**Task requirements:** In the material below, begin at the line that has "تصميم وبرمجة موقع", stop after the line that has "在 81.30 之上,看涨,目标价位为 85.10 ,然后为 87.00 。", and transcribe those lines exactly, without pictures.

**Recorded information:**
*** Begin section ***
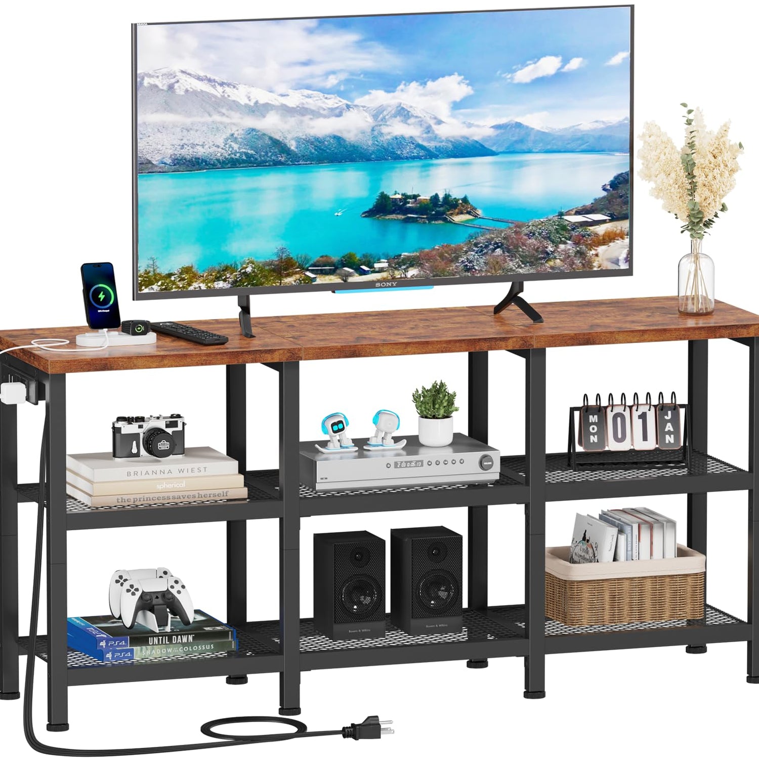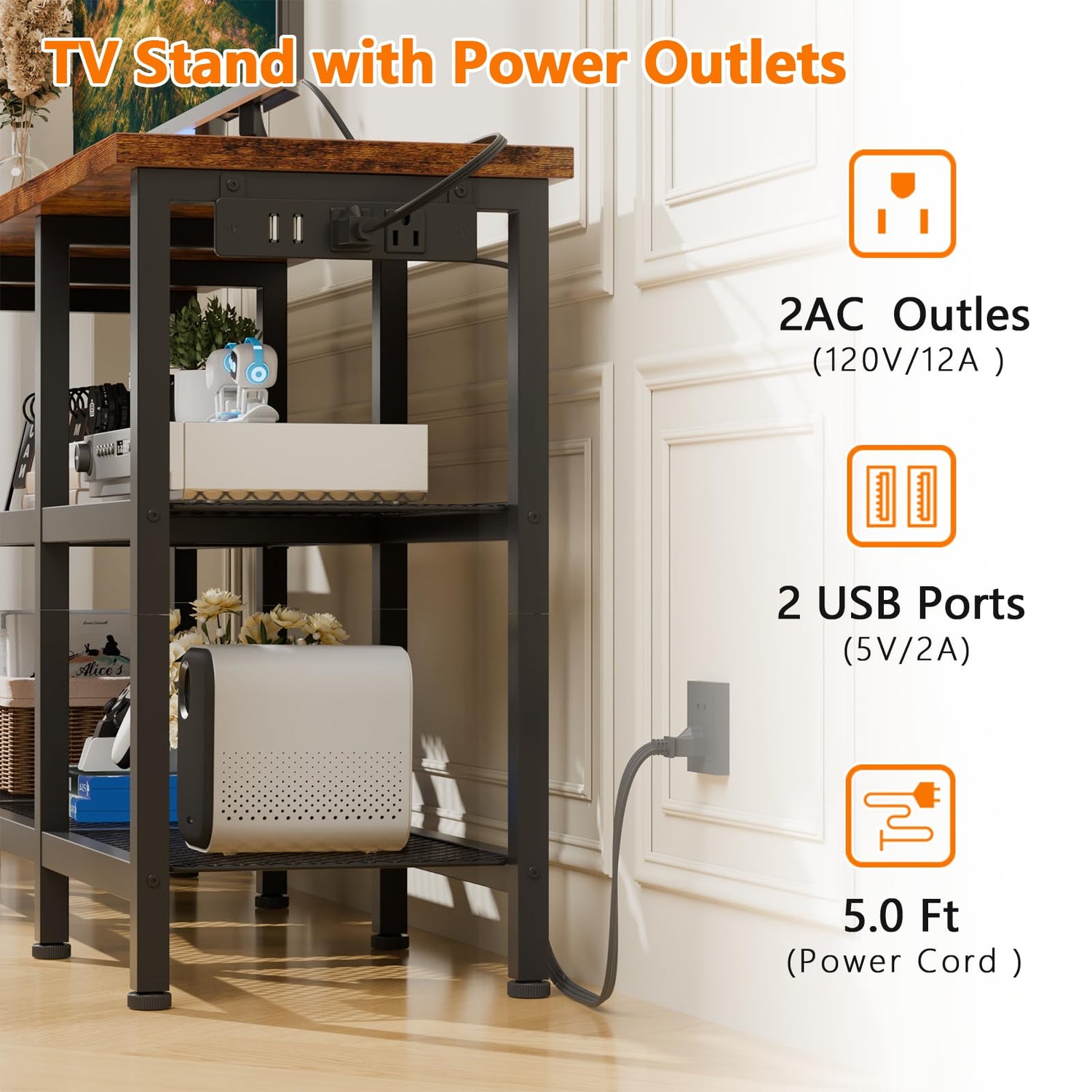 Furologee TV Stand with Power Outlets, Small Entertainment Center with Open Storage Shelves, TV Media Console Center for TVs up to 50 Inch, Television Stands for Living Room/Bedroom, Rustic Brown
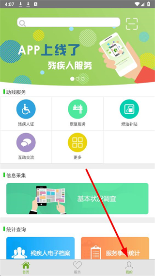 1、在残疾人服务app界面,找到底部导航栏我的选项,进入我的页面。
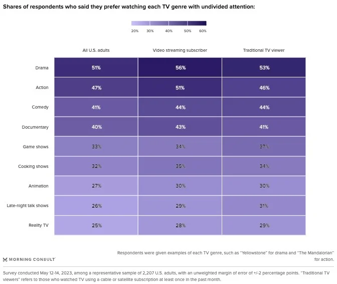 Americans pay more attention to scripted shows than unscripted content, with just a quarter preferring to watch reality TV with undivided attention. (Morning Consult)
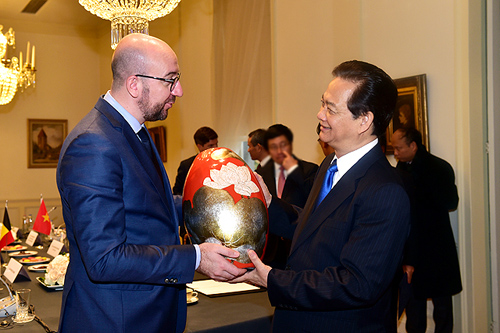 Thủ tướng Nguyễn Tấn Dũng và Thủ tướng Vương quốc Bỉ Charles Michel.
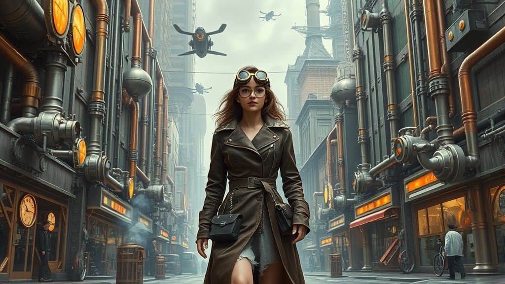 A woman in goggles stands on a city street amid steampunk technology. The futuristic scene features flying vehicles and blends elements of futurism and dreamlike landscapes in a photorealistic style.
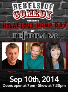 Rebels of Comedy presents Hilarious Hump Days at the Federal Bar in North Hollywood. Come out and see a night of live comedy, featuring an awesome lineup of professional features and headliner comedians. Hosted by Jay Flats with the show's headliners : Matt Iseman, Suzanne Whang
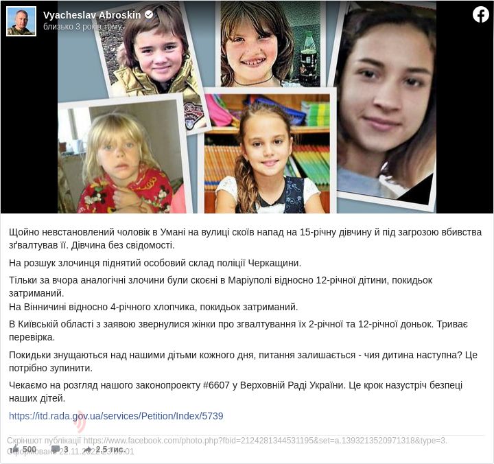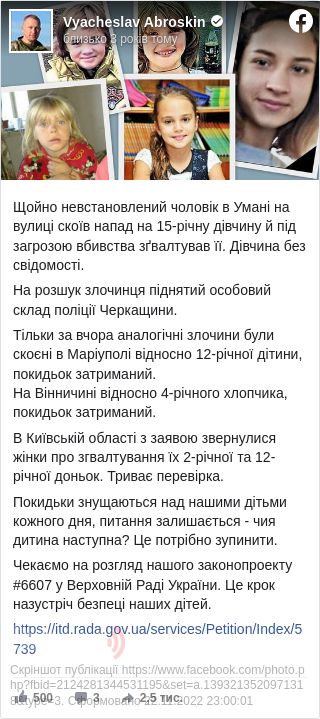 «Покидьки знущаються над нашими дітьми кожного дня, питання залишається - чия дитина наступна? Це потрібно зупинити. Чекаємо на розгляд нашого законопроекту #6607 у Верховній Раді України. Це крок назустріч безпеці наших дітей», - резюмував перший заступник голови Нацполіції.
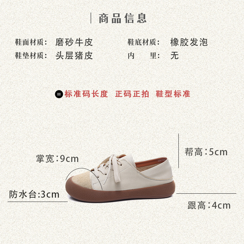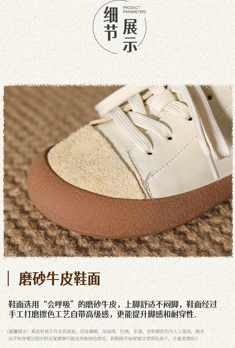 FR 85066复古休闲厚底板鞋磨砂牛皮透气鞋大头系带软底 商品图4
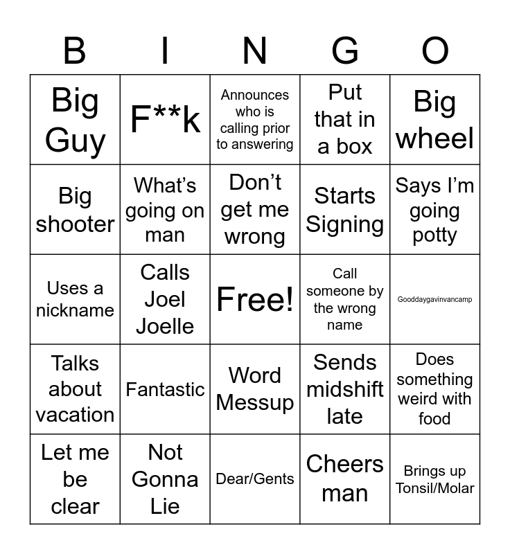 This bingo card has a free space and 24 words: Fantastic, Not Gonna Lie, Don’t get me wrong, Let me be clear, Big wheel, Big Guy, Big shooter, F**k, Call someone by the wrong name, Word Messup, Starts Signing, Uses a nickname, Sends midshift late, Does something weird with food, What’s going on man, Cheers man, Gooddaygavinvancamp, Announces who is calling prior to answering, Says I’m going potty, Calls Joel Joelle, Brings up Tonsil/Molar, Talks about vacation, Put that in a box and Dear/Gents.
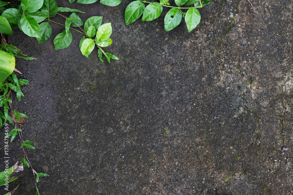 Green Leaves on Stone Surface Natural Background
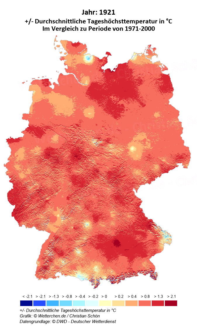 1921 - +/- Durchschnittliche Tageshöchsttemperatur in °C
*** End section ***
*** Begin section ***
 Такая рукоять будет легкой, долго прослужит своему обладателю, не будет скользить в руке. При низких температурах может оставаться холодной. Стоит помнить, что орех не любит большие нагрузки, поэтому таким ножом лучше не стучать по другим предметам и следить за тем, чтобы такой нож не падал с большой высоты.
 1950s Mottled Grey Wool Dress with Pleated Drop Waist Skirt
*** End section ***
*** Begin section ***
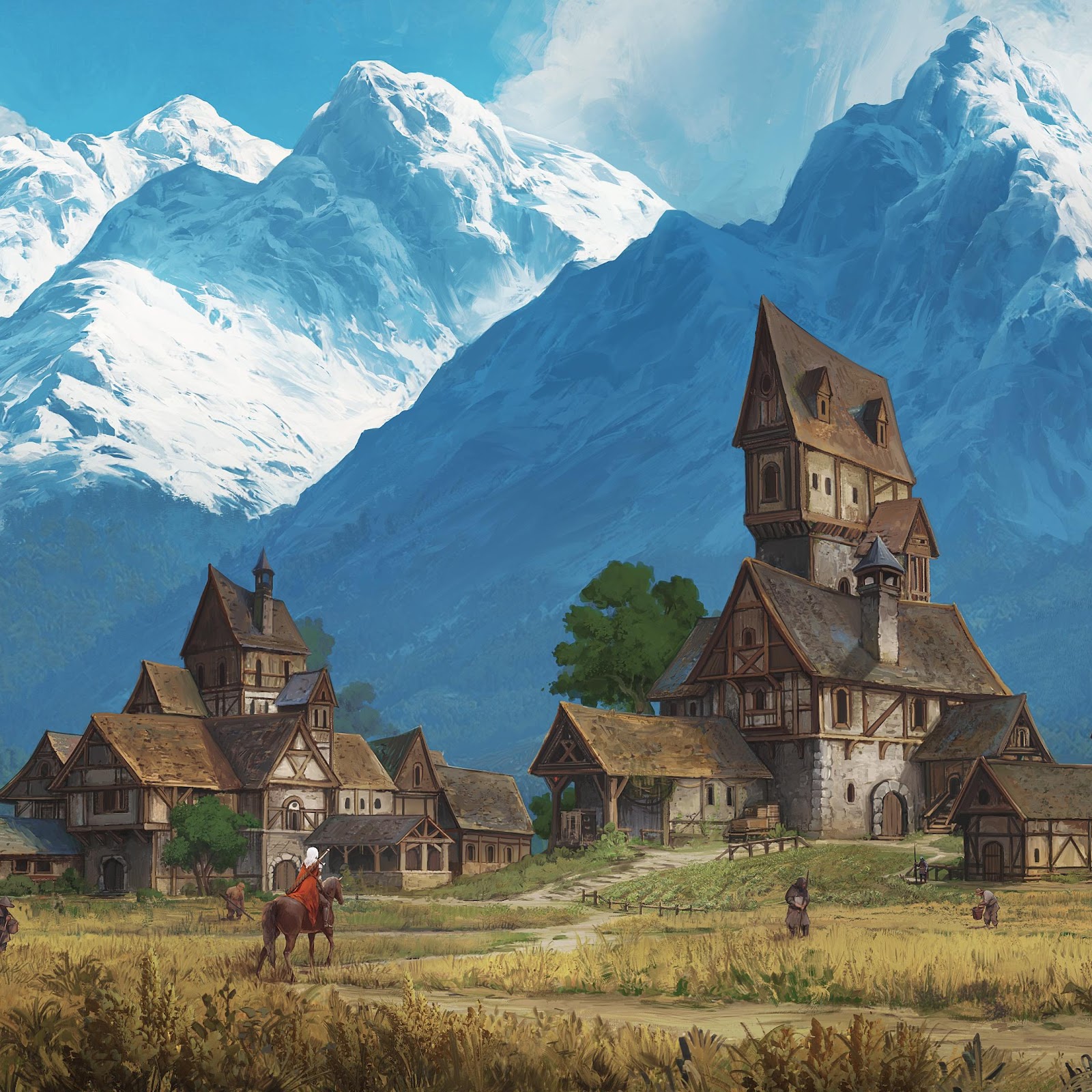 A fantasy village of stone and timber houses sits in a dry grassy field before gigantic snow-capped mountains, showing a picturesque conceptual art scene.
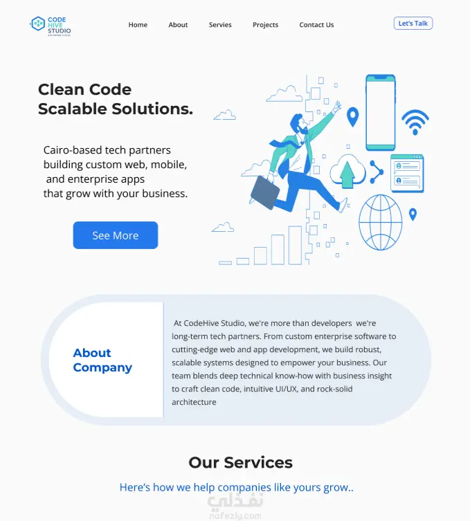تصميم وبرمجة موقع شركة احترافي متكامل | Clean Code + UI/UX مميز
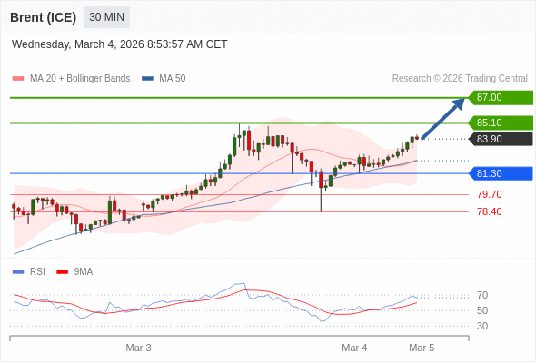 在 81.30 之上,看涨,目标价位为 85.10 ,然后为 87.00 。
*** End section ***
**Task solution:**
تصميم وبرمجة موقع شركة احترافي متكامل | Clean Code + UI/UX مميز
 在 81.30 之上,看涨,目标价位为 85.10 ,然后为 87.00 。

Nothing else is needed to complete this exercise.